Undertaking some strategic tax planning will not only minimise your tax bill, but perhaps more importantly it will bring you peace of mind. Knowing your likely tax bill is certainly better than being ‘surprised’ with a tax bill a month away from its due date – and then also being hit with ongoing income tax instalments! Good tax planning can also assist with keeping money in your business to be used on the day to day operations, as opposed to being paid to the ATO unnecessarily.

The first step to effective tax planning is to use actual current year data to forecast the entire year’s likely profit position. Then, we employ specific strategies to minimise your tax. Following are some basic tax planning strategies we consider to keep your tax down, and cash in your business:

1. Pre-pay expenses

If you qualify as a small business entity (turnover <$2M), then paying some of your business expenses in advance will bring forward tax deductions to the current year, subsequently reducing the amount of tax you pay. Examples of common items suitable for pre-paying are interest on business or investment loans, rent, leases, stationery and insurance. However it is important to consider the impact the prepayment of expenses will have on your cash flow position! This will usually determine how much your can prepay.

2. Putting money into your Super

Before 30 June, you should also consider paying additional money into your superannuation fund. This is tax effective for sole traders in particular, and often small business owners. In doing so, it is imperative to ensure you haven’t exceeded the superannuation concessional contribution limits and the employment income threshold. Please contact our office if you would like to know more about how much you can put into super.

If you receive income as an employee, you should consider whether you are entitled to the Federal Government’s co-contribution for personal after-tax contributions, up to $500. Although it won’t save you in tax, it will result in increasing your super balance at the government’s expense! Click here for more information on the government co-contribution. We recommend you seek Financial Advice from a qualified financial planner before making a contribution.

3. Pay your employees’ Super Early!

Superannuation contributions for employees are not legally due until 28 days after the end of the quarter. So for most employers, the final quarter’s superannuation is not payable until July 2015. Superannuation is only deductible once paid, so in the above example, the final quarter’s super would not be deductible until the following financial year – 2015/16. To bring forward the tax deduction, consider prepaying your super prior to 30 June – keeping in mind the super needs to be received by the Fund prior to that date. So don’t leave it too late!

4. Review your Debtors

Where sales are made on account to customers, review this list to ensure any unrecoverable debt is written off, hence not included in your taxable income!

5. Review your Stock

30 June is also the time in your business to conduct stock counts. This will not only ensure accurate reporting of business performance, but is also an opportunity to identify slow moving and obsolete stock that should be written off and not accounted for in your final stock listing. Lower stock values reduce the amount of tax you will pay!

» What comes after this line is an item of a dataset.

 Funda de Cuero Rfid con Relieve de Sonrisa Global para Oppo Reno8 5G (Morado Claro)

6. Review your current Asset/Depreciation Schedule:

This schedule will contain details of assets that are currently being depreciated by the business. Identifying obsolete assets that require scrapping, and updating effective lives (depreciation rates) may also result in a higher tax deduction for your business.
The recent Budget release announced that for small businesses an immediate deduction can be claimed for assets up to $20,000, acquired and installed after 12 May 2015. This can result in a significant tax savings for the current financial year.

7. Defer Income

Deferring Income is also a common strategy to reduce tax payable. This means you hold off invoicing for some of your clients until 1 July. The tax on this income would therefore be shifted to the 2015/2016 financial year. In deciding whether this strategy works for you, you should assess the impact on your cash flow, and of course, the impact on customers.

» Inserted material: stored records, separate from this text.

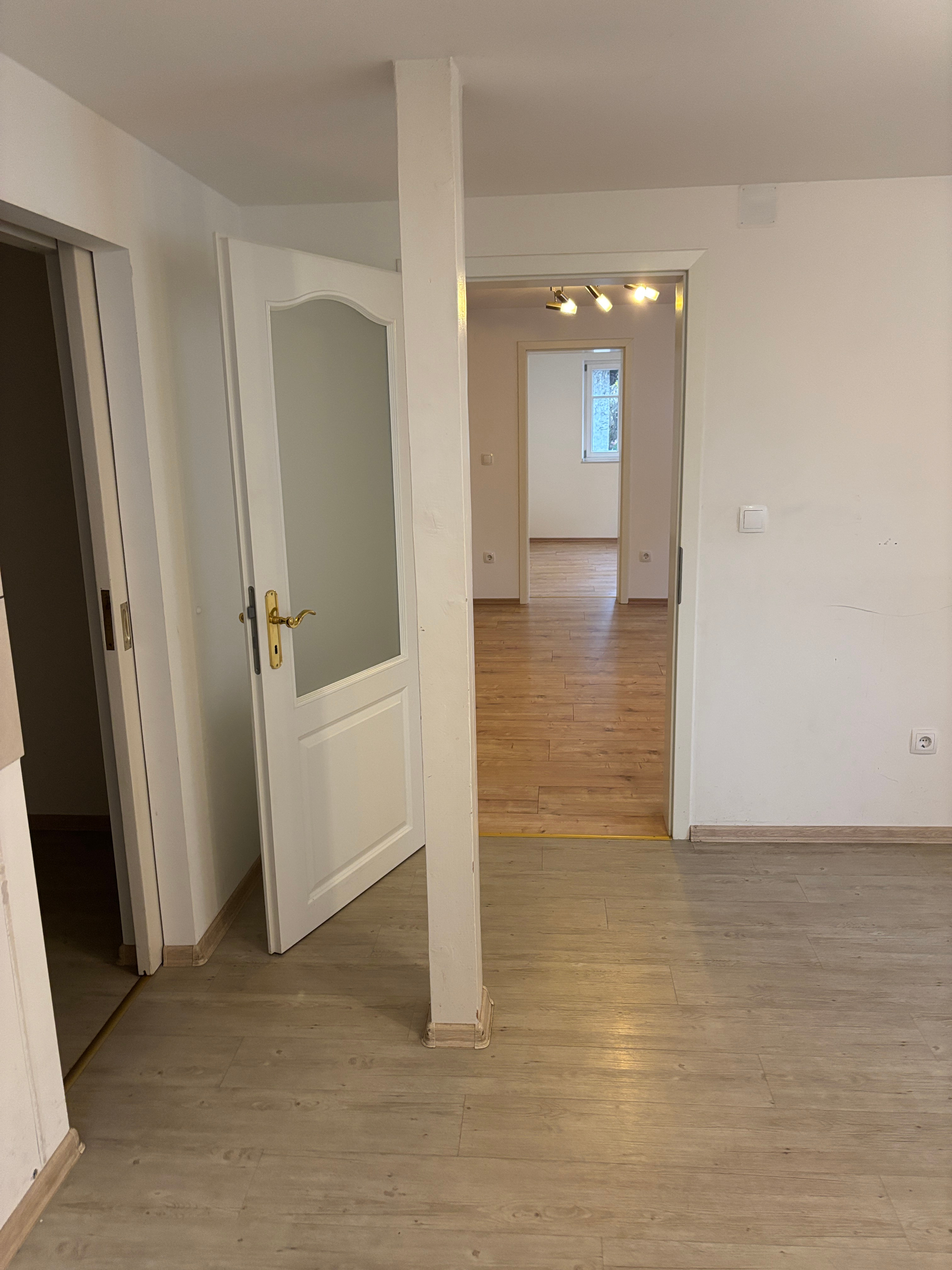 Die Immobilie verfügt über ein Badezimmer mit einer Dusche, einer Badewanne und einem Fenster. Die Bodenbeläge im gesamten Bereich sind mit Laminat ausgelegt, was für eine pflegeleichte und moderne Optik sorgt. Durch das Fenster gelangt viel Tageslicht in den Raum, was eine angenehme Atmosphäre schafft. Die Badewanne bietet Komfort und Entspannungsmöglichkeit für die Bewohner. Insgesamt ist das Badezimmer funktional und gut ausgestattet, um den täglichen Bedürfnissen gerecht zu werden.
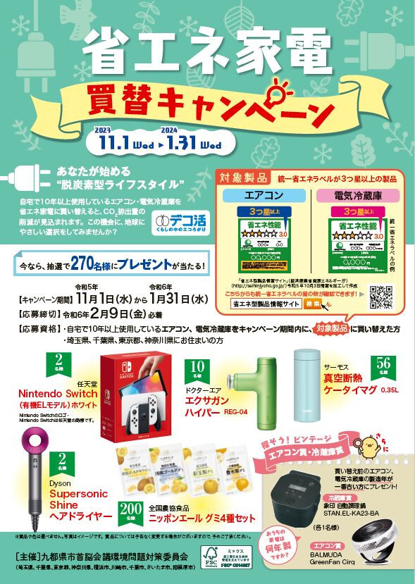 • 関東エリアの1都3県居住者対象、省エネ家電・高効率給湯器 買い替えキャンペーン
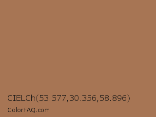 CIELCh 53.577,30.356,58.896 Color is a normal orange color and the nearest color is French Beige #a67b5b. Hex code #a77554 and RGB value is rgb(167,117,84). In RGB color space, this color is composed of 65% red, 46% green, 33% blue, In CMYK color space, this color is composed of 0% cyan, 30% magenta, 50% yellow , 35% black , In HSL color space, this color has a hue angle of 24° , 33% saturation and 49% lightness.
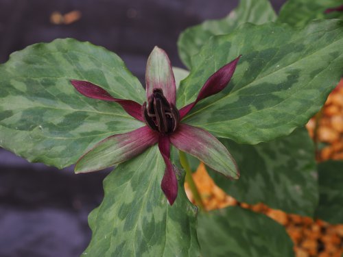 綺麗なトリリウム。葉が迷彩柄で面白い。(写真:国内)
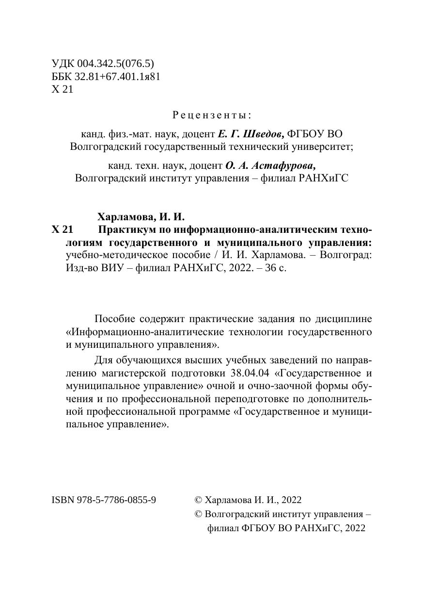 Пособие содержит практические задания по дисциплине «Информационно-аналитические технологии государственного и муниципального управления». Для обучающихся высших учебных заведений по направ-лению магистерской подготовки 38.04.04 «Государственное и муниципальное управление» очной и очно-заочной формы обу-чения и по профессиональной переподготовке по дополнитель-ной профессиональной программе «Государственное и муници-пальное управление».
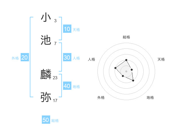 小池 麟弥さんの総格は50画の2点!
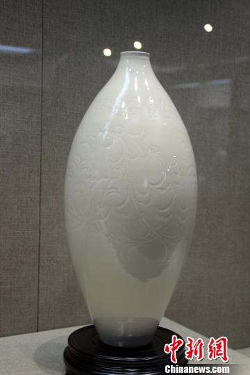 陳文增代表性作品《定窯三聯(lián)藝術(shù)牡丹紋刻花貴妃瓶》。 于俊亮 攝
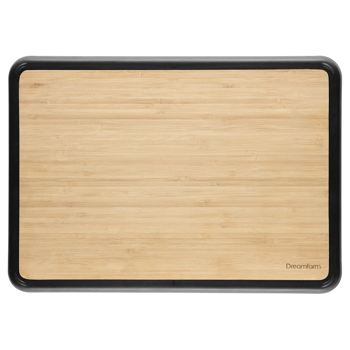 Fledge is the world’s best double-sided cutting board. Fledge has unique flip up edges that prevent food from falling or rolling off the sides when being transported to a pot, bowl or table for serving. Both Fledge and the double-sized Big Fledge have non-slip rubber feet and knife-friendly patterns on both sides, and a generous juice groove for carving on the underside.
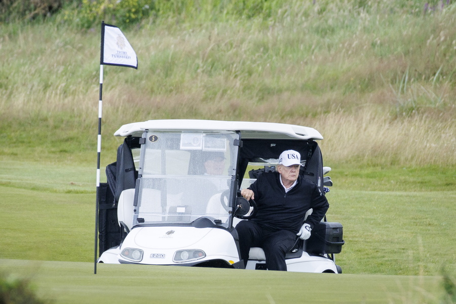 Εκατοντάδες άνθρωποι διαδηλώνουν σήμερα στο Εδιμβούργο και το Άμπερντιν στη Σκωτία για να διαμαρτυρηθούν για την επίσκεψη του Ντόναλντ Τραμπ, που επιδίδεται στο αγαπημένο του άθλημα, το γκολφ, στο γήπεδό του στο Τέρνμπερι, το οποίο βρίσκεται υπό ισχυρή αστυνομική προστασία.

This strategy is particularly beneficial considering the company tax rate cut (from 30% to 28.5%) that becomes effective 1 July 2015. Pushing income into next financial year will result in that income being taxed at a lower rate. This advantage is not entirely lost on our non-company businesses, as there is a 5% tax rebate available (limited to $1,000 per individual), again starting from 1 July 2015. Although the company rate cut and the tax discount are not yet legislated, experts predict no resistance from government bodies – so it’s likely we can utilise these tax discounts.